By Chris Butler | Tennessee Watchdog
NASHVILLE — Public utilities that offer cable and Internet using public dollars regularly lose money, says a professor who’s studied the issue.
Clarksville is a prime example of this problem, according to its most recent audit.
State comptrollers reported the city’s Lightband service lost $1.05 million in 2013, a deficit that increased to nearly $1.2 million in 2014.
University of Denver professor Ronald Rizzuto said government-owned Internet networks’ deficits in Clarksville and other areas of Tennessee are but “a microcosm of what’s happening throughout this country.”
“None of this is surprising,” Rizzuto told Tennessee Watchdog Monday. “About 75 to 80 percent of all GONs operate at a deficit.”
Some GONs, such as Chattanooga’s, have used taxpayer dollars to set up their services, while others, such as Clarkville’s, issue bonds backed by taxpayer dollars as insurance.
According to Rizzuto’s most recent findings, as of 2012 Tennessee had nine GONs that have run up deficits of $194 million.

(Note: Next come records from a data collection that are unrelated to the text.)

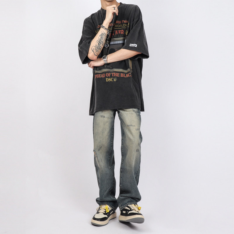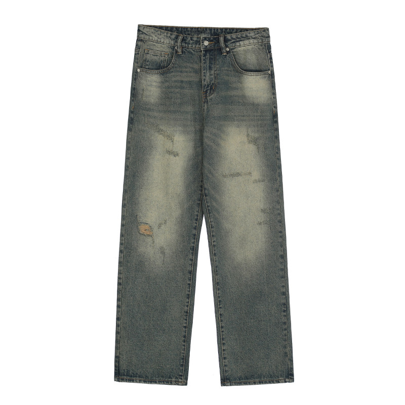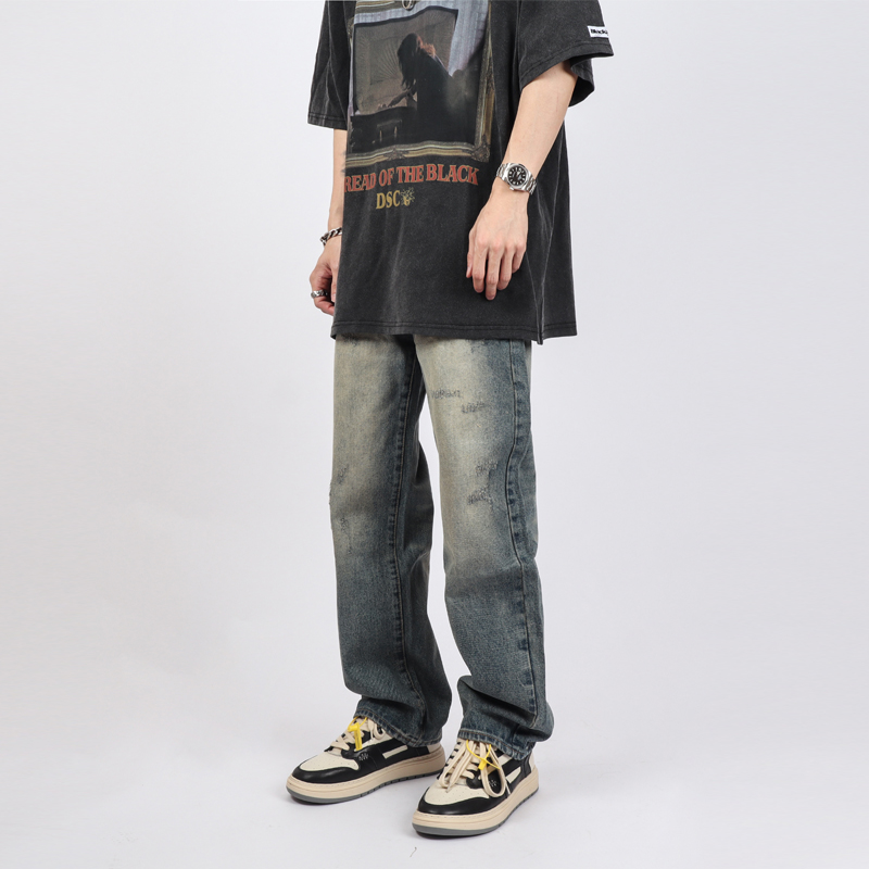 直筒宽松裤 男款 复古休闲破洞牛仔裤 子潮牌女秋冬 POCKET高街美式
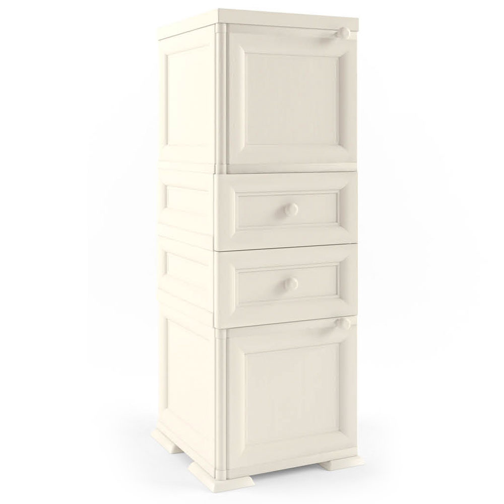 Шкаф от производителя Элластик-Пласт изготовлен из прочного пластика бежевого цвета. У представленной модели два узких выдвижных ящика и два широких распашных. Фасады гладкие.
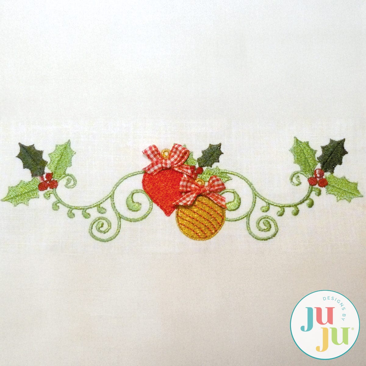 "There are a total of 10 designs in this set: 1 vertical and 9 horizontal borders. These borders can be placed along the sides of a table cloth, on pillows, curtains, totes, tree skirts, stockings, etc. The borders will also work well for shirts. Add a little holiday bling with 3D effects such as small bows and crystals. This border set coordinates with our Traditional Christmas napkin corners, for sale separately.

Only three of the nine networks — in Columbia, Jackson and Pulaski — are making money, Rizzuto said.
Tullahoma’s GON, LightTube, had a $2.1 million deficit, according to its most recent audit.
Lightband Director Brian Taylor acknowledged the Clarksville service is losing money, and he also mentioned a letter state Comptroller Justin Wilson wrote about it, according to the January minutes of that city’s audit committee.

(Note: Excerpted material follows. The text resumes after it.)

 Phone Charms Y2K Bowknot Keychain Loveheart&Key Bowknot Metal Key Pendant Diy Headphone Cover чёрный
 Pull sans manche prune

Clarksville spokeswoman Jennifer Rawls acknowledged Tennessee Watchdog’s emailed request for a copy of Wilson’s letter, but did not immediately provide a copy of it Monday. Neither did officials with the comptroller’s office.

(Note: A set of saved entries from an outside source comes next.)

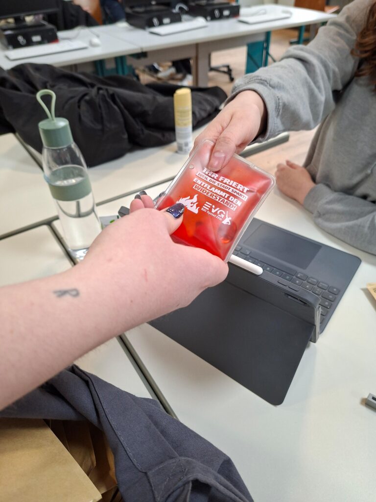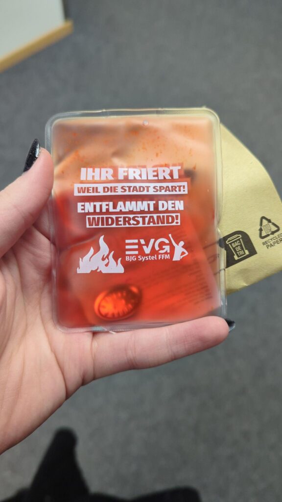 Artikel in der „Frankfurter Rundschau“ über eine Aktion der EVG Betriebsjugendgruppe DB Systel Frankfurt. Wegen ständig defekter Heizungen wurden dort Hand-Wärmekissen mit entsprechendem Aufdruck verteilt:
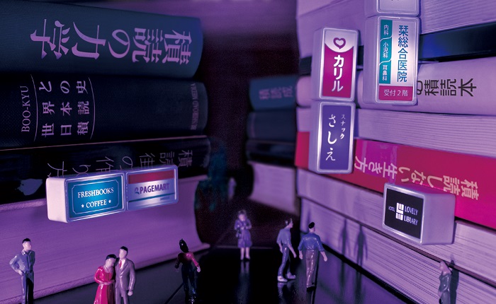 どんどん高く積み上げたくなる! 「積読町のビル看板」で積読がインテリア
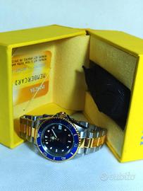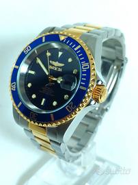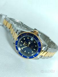 Un diver con l’anima del mare e il carattere dell’acciaio. L’Invicta Pro Diver Automatic ref. 89280B è il compagno ideale per chi ama il fascino dei grandi classici, ma non rinuncia a un tocco di luce dorata. Quadrante blu profondo, lunetta cerulea, dettagli oro su corona, indici e bracciale: un contrasto perfetto tra eleganza e sportività. All’interno, il movimento automatico Seiko NH35A sinonimo di precisione e affidabilità, visibile dal fondello trasparente. In buone condizioni generali, con segni d’uso coerenti con l’età del segnatempo. Cassa in acciaio da circa 40 mm, vetro con lente ciclopica in buono stato, fondello e corona a vite, guarnizione fondello sostituita di recente. Pulito e curato, pronto a vivere nuove giornate al polso. Completo di scatola e card originali (scatola vissuta, cuscino after). Un orologio onesto, brillante, e soprattutto emozionante da indossare. Perché l’importante non è quanto costa… ma quanto ti fa battere il cuore. Oggetto facente parte della mia raccolta privata. Non conosco la data della ultima revisione. La WR dichiarata dalla casa costruttrice, nei vintage, durante gli anni può aver subito variazioni quindi sempre meglio chiedere info in merito ed evitare di bagnare l'orologio volontariamente. Chiedi la misura del cinturino per essere sicuro ti vada bene. Se non diversamente indicato l'oggetto viene venduto senza scatola e libretti. Le foto sono parte integrante dell'annuncio. Non sono ammessi resi, solo se l'oggetto non corrisponde a quello venduto in foto. Chiedi sempre prima di acquistare, tuteliamoci entrambi. Vendita occasionale e non professionale. Non viene emessa fattura ai sensi dell’art. 67, comma 1, lettera i) del T.U.I.R. Cessione tra privati, senza finalità di lucro.

City officials said at the audit committee meeting the network’s deficit would go down this year.
Rizzuto, meanwhile, said only one GON, in Iowa, has paid off all its debts.
“Promises made to get out of debt are generally pretty empty ones,” Rizzuto said.
The fact that Wilson has now involved himself should be a concern, Rizzuto added.
“That’s particularly true in Tennessee because its state auditor has been pretty hands off and flexible on this issue, but it sounds like we’re getting to a breaking point here,” Rizzuto said.
Clarksville residents might brace themselves for a tax increase if Lightband’s deficits continue to rise.
Bad things happen when government forces compete against the free market in the Internet business, Rizzuto said.
“Local political forces promise the constituents that we, in fact, are going to save people money, but they do it at the expense of covering their costs, and then they get away with it because they have the monopoly power utility to cover the deficit,” Rizzuto said.
As reported, Clarksville officials paid for the infrastructure necessary to set up the fiber network through bonds, not ratepayer money, as determined by a citywide referendum.
The Indianapolis-based Coalition For a New Economy issued a report in 2014 saying Clarksville could have put the $20.5 million it spent on Lightband on 108 police officers, 115 teachers, 110 firefighters and five ambulances, among other services.
UPDATE: After the publication of this story, Comptroller spokesman John Dunn sent a copy of the letter his office sent to Clarksville officials.